A conversation with Rocio Juscamayta about the evolving role of young change agents at LALA

“The only factor that determines the success of a society is the percentage of change agents within it.”

She loves the word extra, and no, not the personality type. She loves “extra” as that which turns something ordinary into extraordinary. She is Rocio Juscamayta, 51, a self-proclaimed independent and early bird (sometimes…), and who, as a lawyer, entrepreneur, and mother of two, has seen the great potential that young people in Latin America have when they are embraced by a loving community that teaches them to become authentic and extraordinary agents of change. For her, it is incredible to see the immensity of valuable information that young people now have, as they can find everything from TikTok to Instagram posts to Reddit accounts. That’s why, despite the typical overstatements towards us “mini people,” she says that young people need to stand up for the change they need to make. In 2022, no one will likely be able to do it like they can.

Since she was a child, Rocío grew up in a Peruvian family with a strong character and heart. She proudly demonstrates this by recounting the moment when her mother emigrated from the province of Peru to the capital. Likewise, the courage in their hearts when they had to work from the age of 10 to cover the family’s expenses. And she was encouraged when the goodbyes came faster than expected, but she had to accept it to see her family have a better future. 

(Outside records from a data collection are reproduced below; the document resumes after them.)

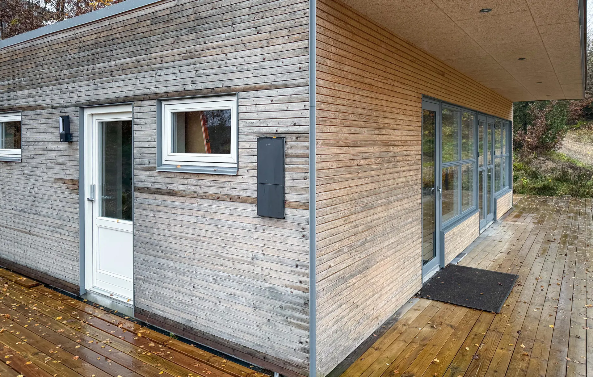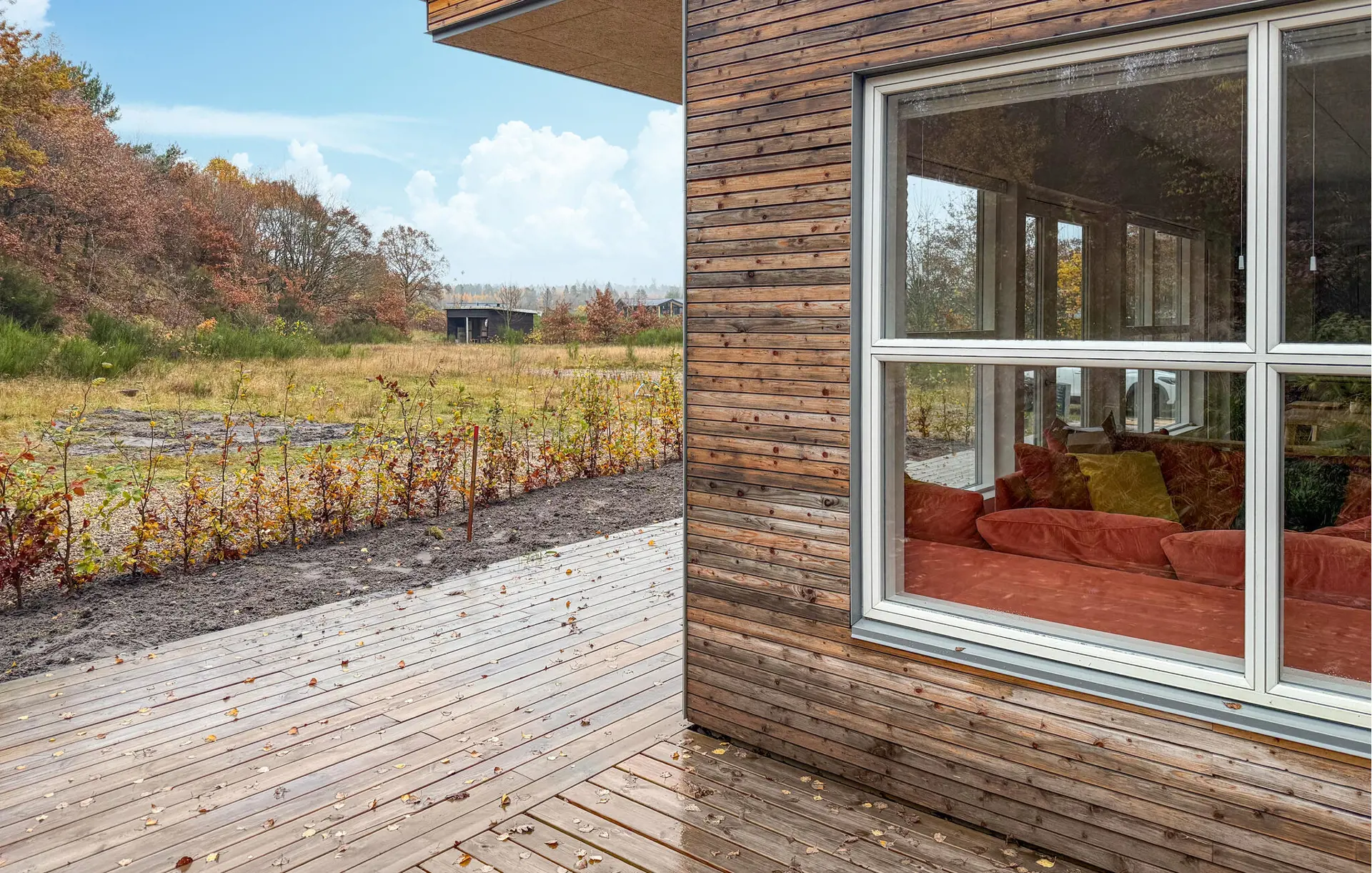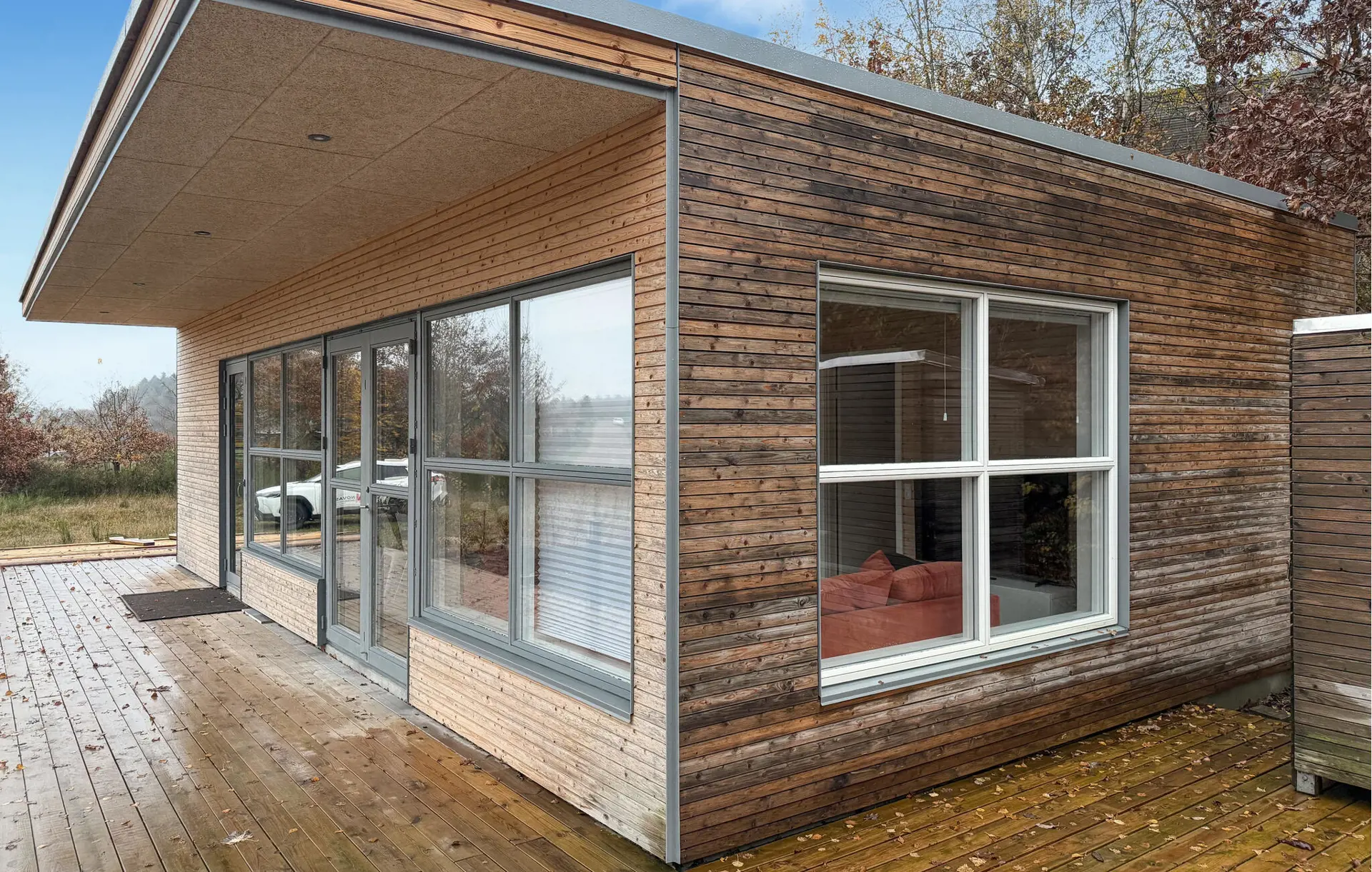 Das Haus fügt sich harmonisch in die Landschaft ein. Gehen Sie hinaus und genießen Sie die ruhige Atmosphäre auf der Holzterrasse. Nehmen Sie Platz mit einer Tasse Kaffee und lassen Sie den Blick über das weite Gelände schweifen. Nutzen Sie den überdachten Bereich als geschützten Platz bei jedem Wetter oder entspannen Sie in der Sonne.
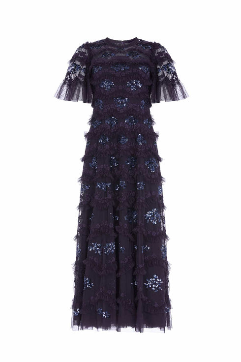 The Daisy Wave Ankle Gown in Midnight. The artwork for this style has been inspired by our 'Daisy Wave' print. Exquisitely detailed textile is created using undulating borders of gathered tulle frills with interspersed intricate lace. Featuring floral artwork with rich, tonal embroidery and shimmering sequins. The perfect gown to take you from day to night.
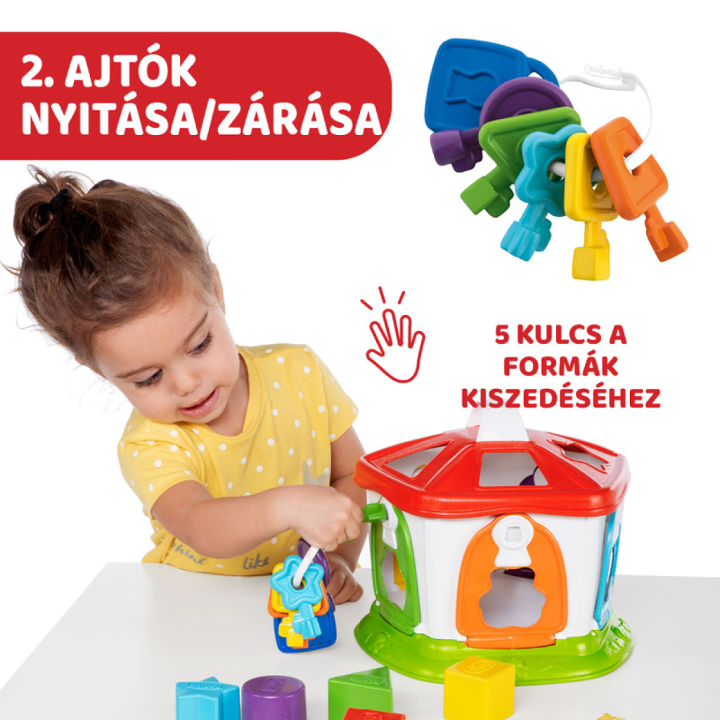 HASZNÁLAT: A ház oldalán állatformákat, a háztetőn át geometriai formákat lehet a megfelelő lyukakba bedobni. A színes ajtókhoz a megfelelő színű kulcs tartozik, ha ezt sikerül összepárosítani, akkor a bedobott forma kivehető.
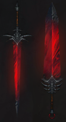 Этот меч, созданный из свернувшейся крови, темно-красного, почти черного цвета. Он теплый на ощупь и испускать энергетические импульсы. Согласно легенде, клинок обладает собственной волей и становится сильнее, впитывая кровь своих жертв. Меч может даже сделать своего владельца бессмертным, но цена крайне высока.
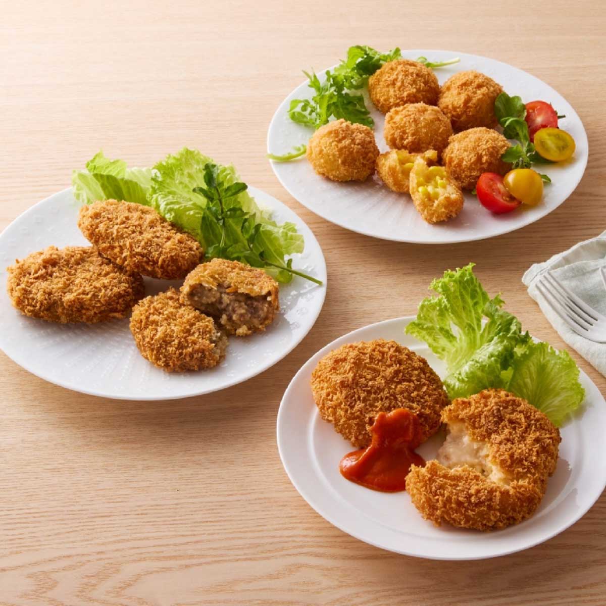 とうもろこしの自然な甘みを味わうプチコロッケ、蟹の美味しさをギュッと濃縮したクリームコロッケ、牛肉の旨みがあふれるコロッケの3種セットです。
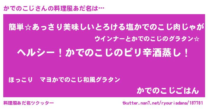 | ヘコむあだ名 | 『かでのこじ(苦笑)』『酢こんぶ』 |
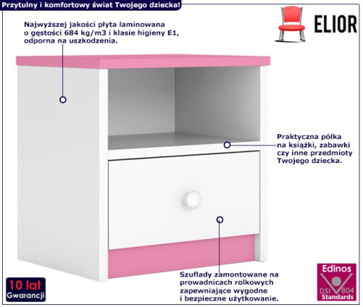 Meblowanie pokoju dziecięcego to prawdziwe wyzwanie dla każdego rodzica. Dobrze zagospodarowane wnętrze to funkcjonalne wnętrze. Marka Elior z troski o swoich najmłodszych klientów uzupełniła kolekcję mebli Happy o jeszcze jeden produkt. Tym razem jest to szafka nocna Happy 4X. Solidne wykonanie, troska o każdy, nawet najmniejszy szczegół, najwyższa jakość materiałów to elementy składowe mebla, który posłuży Twojemu dziecku przez wiele długich lat. Marka Elior tworzy meble z pasją, ze szczególną dbałością o ich estetykę i funkcjonalność. Happy 4X to produkt z solidnych materiałów. Szafka została wykonana z wysokogatunkowej płyty meblowej laminowanej o grubości 18 mm, klasie higieny E1 i podwyższonej gęstości 684, 8 kg/m3 wg badania normy EN 323. Wszystko to sprawia, że mebel prezentuje się niezwykle estetycznie, a do tego jest odporny na zarysowania i wszelkiego rodzaju uszkodzenia mechaniczne. W przeciwieństwie do konkurencyjnych produktów technologia Elior nie zawiera chloru, metali ciężkich ani związków ropopochodnych, dzięki czemu nie przebarwia się, a meble łatwo jest utrzymać w czystości. Zapewniamy Cię, że w procesie produkcji mebla zastosowaliśmy materiały ekologiczne i atestowane, które spełniają europejskie normy bezpieczeństwa. Szuflady na prowadnicach rolkowych to inwestycja w wygodne i przede wszystkim bezpieczne użytkowanie. Pojemna szuflada i otwarta półka to praktyczny i komfortowy sposób na przechowywanie zabawek, książeczek czy innych dziecięcych przedmiotów. Nie bez znaczenia jest też blat szafki, na którym Twoja pociecha postawi lampkę nocną, budzik, ulubioną fotografię. Uniwersalna, biała kolorystyka to inwestycja w mebel, który świetnie wkomponuje się w estetykę pokoju zarówno kilkuletniego dziecka, jak również nastolatka. Dodatkowym atutem mebla jest możliwość wyboru koloru frontu. Wybieraj spośród białego, różowego, niebieskiego i zielonego. Szafka Happy 4X to wyśmienita propozycja zarówno do pokoju chłopca, jak i dziewczynki. U nas każdy znajdzie coś dla siebie. Wspólnie z marką Elior stwórz komfortowy i bezpieczny pokój swojego szkraba.
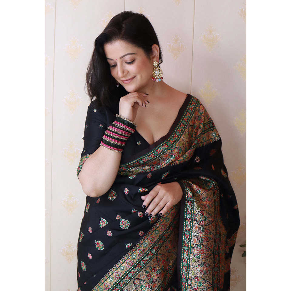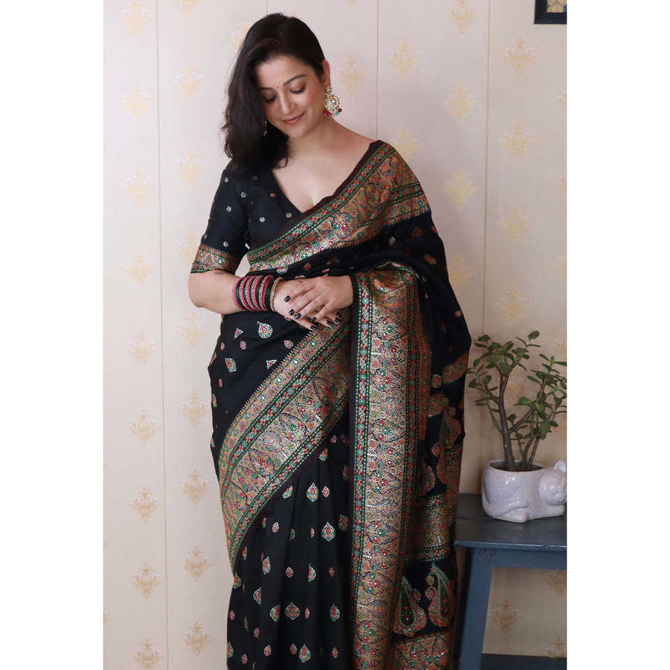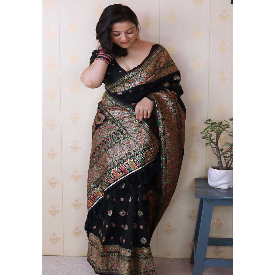 Shivani's Jade Black Pashmina Kashmiri Silk Saree with Zari Woven and Ethnic Scarves & Shawls
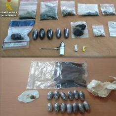 La Guardia Civil ha aprehendido un total de 490 gramos de hachís, 100 gramos de marihuana, así como diversas cantidades menores de cocaína y anfetamina
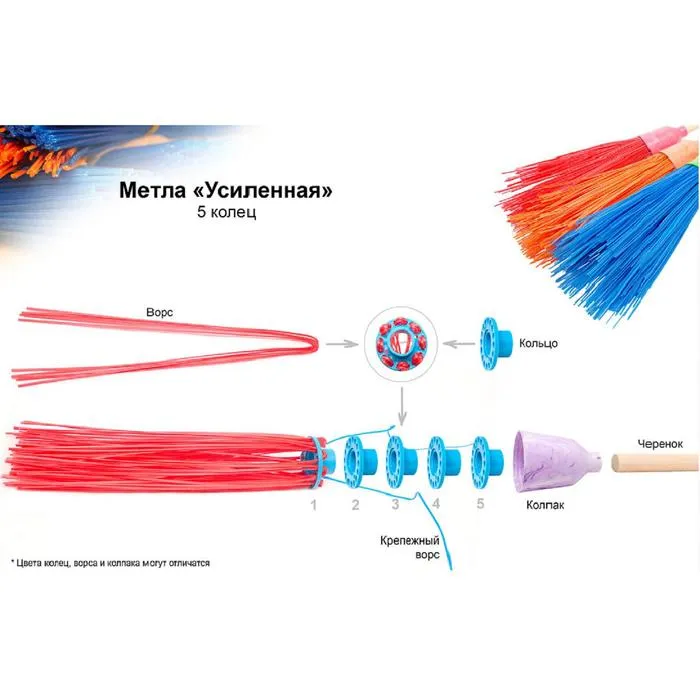 Метла полипропиленовая, круглая, наборная «Усиленная», с черенком, 5 колец, МИКС — Характеристики
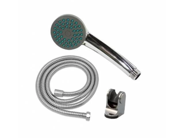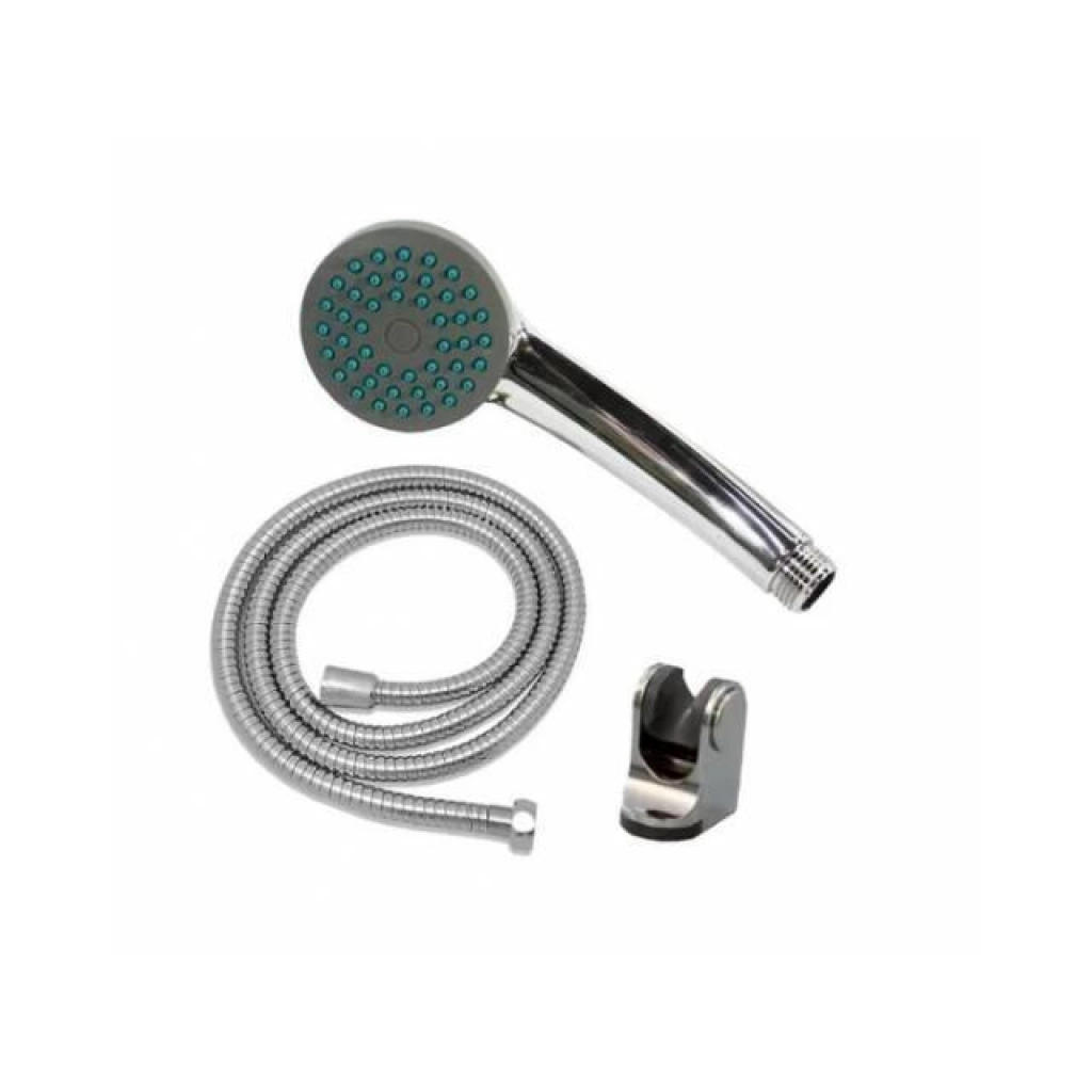 Set de ducha de mano con manguera metálica de 1.5 m, cabezal multipunto y conexión estándar. Fabricado en ABS resistente con acabado cromado. Instalación rápida y compatible con la mayoría de duchas domésticas. LA CAJA CONTIENE: 50 UNIDADES
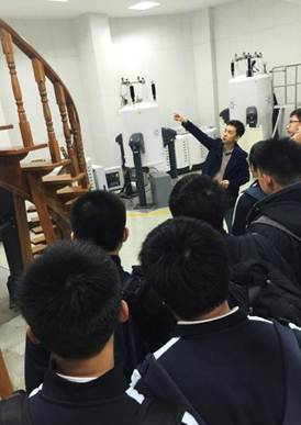 兴趣组的同学们来到800兆核磁共振谱仪房间,认真听工作人员介绍仪器的组成和构造,得知仪器的磁场强度是地球磁场的37万倍时,纷纷惊叹不已。同学们又了解到医院里也有核磁共振仪,但不是用来测定分子结构,而是用来检查病人的大脑,能够看到很细微的变化,而且没有任何副作用,在医疗诊断中有着举足轻重的地位。接下来工作人员给同学们展示了乙醇、葡萄糖、维生素B2和蛋白质分子的一维氢谱,了解这一技术可以辨别分子内同一中元素的不同原子;正是这一灵敏的强大功能,帮助科学家们解析出复杂分子的结构。有了这种直观的感同学们又近一步了解了运用核磁共振技术解析蛋白质结构思路:核磁共振测出分子内氢原子间的距离,结合计算机软件模拟,得到符合实验观测数据的分子构象。虽然核磁共振技术很抽象,短短的一节课无法深入的了解,但还是激发了不少同学的兴趣,提出了一些有趣的问题,比如我们的仪器平时会关机吗,可以使用多少年,是不是每时每刻都要工作人员在场?工作人员为他们一一解答:仪器是高度自动化,只需要很少的人力维护,常年连续工作,甚至可以使用几十年。听到仪器如此方便,对科学技术的快速发展赞叹不已。
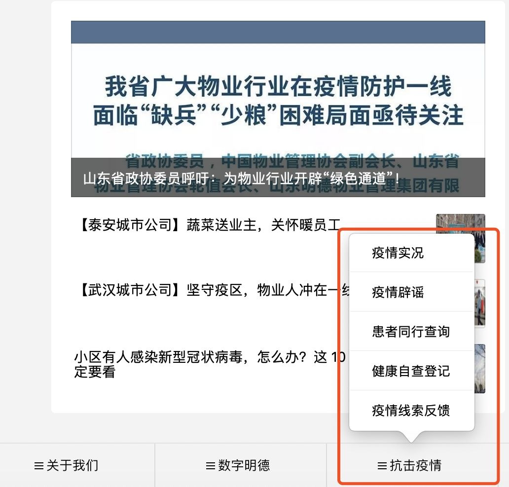明德集團在“明德物業管理集團”微信公眾號内新增了功能欄目【抗擊疫情】,功能欄目中主要包含“健康自查登記”、“疫情線索反饋”、“疫情實況”、“疫情辟謠”、“患者同行查詢”5大功能。

As the successful lawyer and real estate agent she has become, Rocio is now also looking for a new place to expand her future impact project: the metaverse. “I desire to establish a company or organization within the metaverse that will allow me to advocate for my clients, create digital contracts, and govern harmonious coexistence in this new virtual world. Also, I would like to learn from the kids of this new generation, who bring a new vision on how to act and combine the legal and technological sector,” the 51-year-old eloquently explains.

If we’re talking about contribution, this is nothing like what commonly happens at LALA. Her first exposure to the organization began when her daughter attended a LALA camp! Her daughter, a LALíder from VLB6 camp, taught her everything she had learned and experienced after what she describes as “the best two weeks and the highlight of her year,” and Rocio was fascinated. She states, “The lessons that LALA taught my daughter are lessons she also instilled in me. They were so valuable that we started to question our role in society, and now we want to make together a youth project that will leave a mark on her”.

The LALA community is infinitely grateful for Rocío’s contribution to the impact of our organization and the mark she will leave on LALA. We wish Rocío the best of luck on this extraordinary journey and hope she continues to build a more equal and just world. Thank you, Rocío! Much success and all the best to you always.